Wohlleben: Zunächst einmal hält das Absinken bzw. die Stabilisierung des Blutdrucks auf ein gesundes Niveau tagelang an. Und Sie kräftigen Ihr Immunsystem. Auch das ist nachweisbar. Es gibt ja Stoffe, die Bäume absondern, um ihre Umgebung chemisch von Pilzen und Bakterien zu reinigen. Und das atmen Sie alles ein. Das erhöht zum Beispiel die Anzahl der Killerzellen im Blut. Das ganze Immunsystem reagiert auf diese Stoffe. Das heißt, Sie überstehen den Winter zumindest etwas gesünder.
Passoth: Der positive Effekt kommt also von den Stoffen, die die Bäume absondern – von der Vegetation – und nicht von der sogenannten „guten Waldluft“?
Wohlleben: Genau, wir sind dabei Teil der Pflanzenkommunikation und antworten auch darauf. Das geht sogar noch weiter: Es gibt eine Untersuchung aus Toronto/Kanada, wo man Straßen untersucht hat, in denen mehr als 20 Bäume wachsen. Hier ist die Lebenserwartung um 1,4 Jahre höher als in Vierteln, wo keine Bäume wachsen. Woran das genau liegt, weiß man nicht. Man weiß ja zum Beispiel auch, dass Sie, wenn Sie krank sind und auf einen Baum blicken, schneller gesund werden. Diese Studien gibt es alle, das hat eine Wirkung, auch in der Stadt. Deswegen sind auch Stadtbäume ganz wichtig.

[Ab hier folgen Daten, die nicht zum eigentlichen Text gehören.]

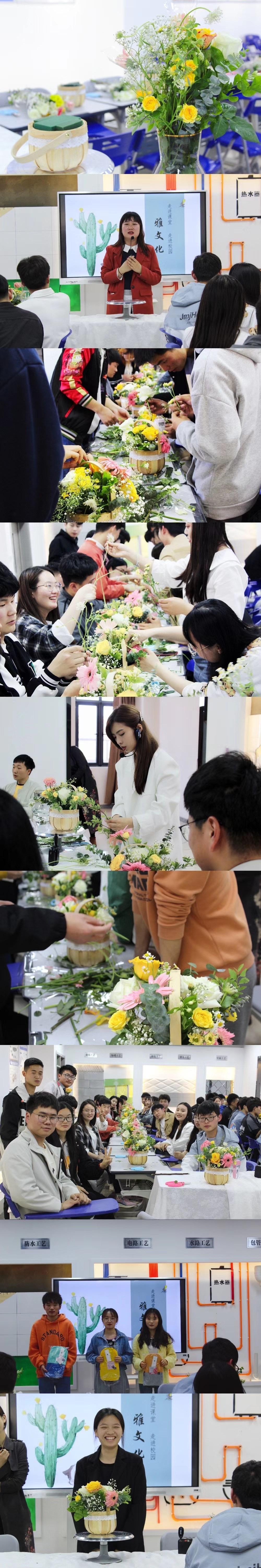为提高员工自身艺术鉴赏和审美能力,丰富技艺,培养花艺作品实际设计创作动手能力,使员工具备对插花艺术品的鉴赏与应用能力。增强员工艺术修养,培养员工开拓创新和团队协作能力,促进员工综合素质的提高。2021年4月22号,建筑装饰工程专业打破传统授课方式。以“花型制作”为主线边做边学,理论指导实践,实践验证理论,开展软装课程特色教学活动。活动内容围绕“雅文化走进课堂-花艺设计”主题进行,掌握插花艺术的花材选择、处理及固定等基本技法。把大家领进艺术创作的大门。
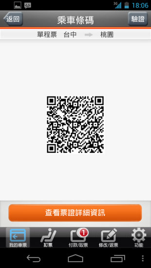 點選電子車票,進去之後就會看到 QR Code,在高鐵出入口的票卡感應區旁邊,有紅外線辨識器,直接將 QR Code 掃描,就可以用手機搭乘高鐵,非常便利!在 QR Code 下方點選查看票證詳細資訊,可以看到該電子車票的詳細狀況,如果需要報帳,請到高鐵車站的服務台,將票證資訊這一個畫面拿給服務人員,他們就會提供紙本的購票證明。

Passoth: Wie oft müsste man denn spazieren gehen, damit man „über die Woche kommt“?
Wohlleben: Einmal pro Woche sollte man es schon machen. Wenn man es nur einmal im Monat schafft, dann ist es halt so. Ein Stündchen wäre gut, je länger, je besser. Aber wenn Sie nur eine Viertelstunde Zeit haben, dann gehen Sie eben eine Viertelstunde spazieren. Und wenn Sie es nur bis in den nächsten Stadtpark schaffen, dann machen Sie es eben im nächsten Stadtpark. Es sind kleine Schritte. Je tiefer in den Wald, je länger, umso besser ist es natürlich.